In experiments, researchers stressed the mice by exposing them to daily, unpredictable bouts of cage tilting, altered dark-light cycles, confinement in tight spaces and other conditions mice dislike with the goal of reproducing the sort of stressful experiences thought to be a primary cause of depression in humans. Afterward, in tests to see if the mice displayed the rodent equivalent of anxiety and depression symptoms, they found about 40 percent showed high levels of behaviors that included a preference for a dark compartment over a brightly lit one, or a loss of interest in sugar water. The remaining 60 percent recovered well from the stress. This distinction between the susceptible mice and the resilient ones was so fundamental that it emerged even before the mice were subjected to stress; some unstressed mice showed an anxiety-like preference for a dark compartment over a lighted one.

The researchers found that the highly stress-susceptible mice had less of an important molecule known as mGlu2 in a stress-involved region of the brain known as the hippocampus. The mGlu2 decrease, they determined, resulted from an epigenetic change, which affects the expression of genes, in this case the gene that codes for mGlu2.

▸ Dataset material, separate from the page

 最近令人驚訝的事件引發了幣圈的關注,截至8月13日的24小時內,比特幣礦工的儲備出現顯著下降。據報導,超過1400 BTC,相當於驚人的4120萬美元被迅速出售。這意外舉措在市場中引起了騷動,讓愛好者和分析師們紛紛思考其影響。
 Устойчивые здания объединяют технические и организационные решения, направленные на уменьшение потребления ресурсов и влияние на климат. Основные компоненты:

“If you think of the genetic code as words in a book, the book must be opened in order for you to read it. These epigenetic changes, which affect histone proteins associated with DNA, effectively close the book, so the code for mGlu2 cannot be read,” says first author Carla Nasca, a postdoc in the lab and a fellow of the American Foundation for Suicide Prevention. Previously, she and colleagues implicated mGlu2 in depression when they showed that a promising potential treatment known as acetyl carnitine rapidly alleviated depression-like symptoms in rats and mice by reversing these epigenetic changes to mGlu2 and causing its levels to increase.

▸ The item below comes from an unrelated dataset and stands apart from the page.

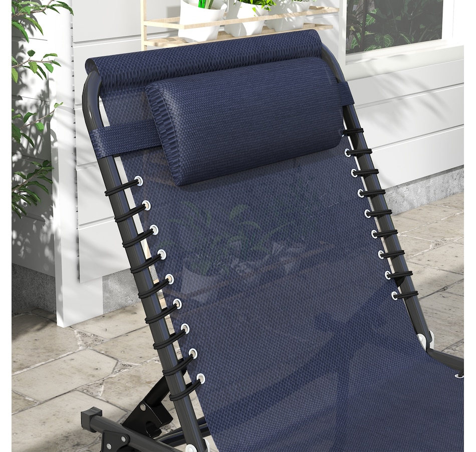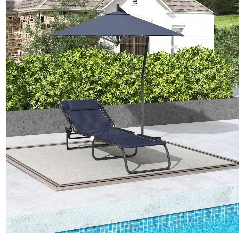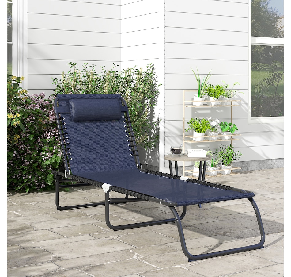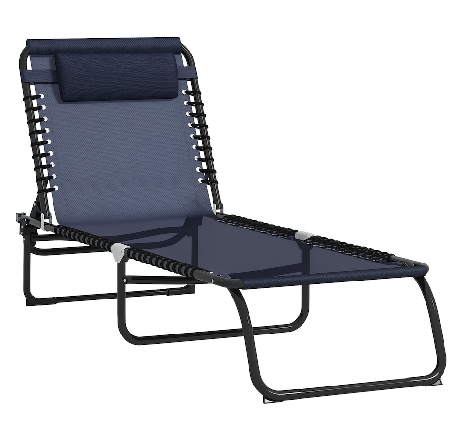 Folding Lounge Chair, Chaise Lounge with Headrest, Dark Blue

“Currently, depression is diagnosed only by its symptoms,” Nasca says. “But these results put us on track to discover molecular signatures in humans that may have the potential to serve as markers for certain types of depression. Our work could also lead to a new generation of rapidly acting antidepressants, such as the candidate acetyl carnitine, which would be particularly important to reduce the risk of suicide.”

A reduction in mGlu2 matters because this molecule regulates the neurotransmitter glutamate. While glutamate plays a crucial role relaying messages between neurons as part of many important processes, too much can lead to harmful structural changes in the brain.

“The brain is constantly changing. When stressful experiences lead to anxiety and depressive disorders the brain becomes locked in a state it cannot spontaneously escape,” McEwen says. “Studies like this one are increasingly focusing on the regulation of glutamate as an underlying mechanism in depression and, we hope, opening promising new avenues for the diagnosis and treatment of this devastating disorder.”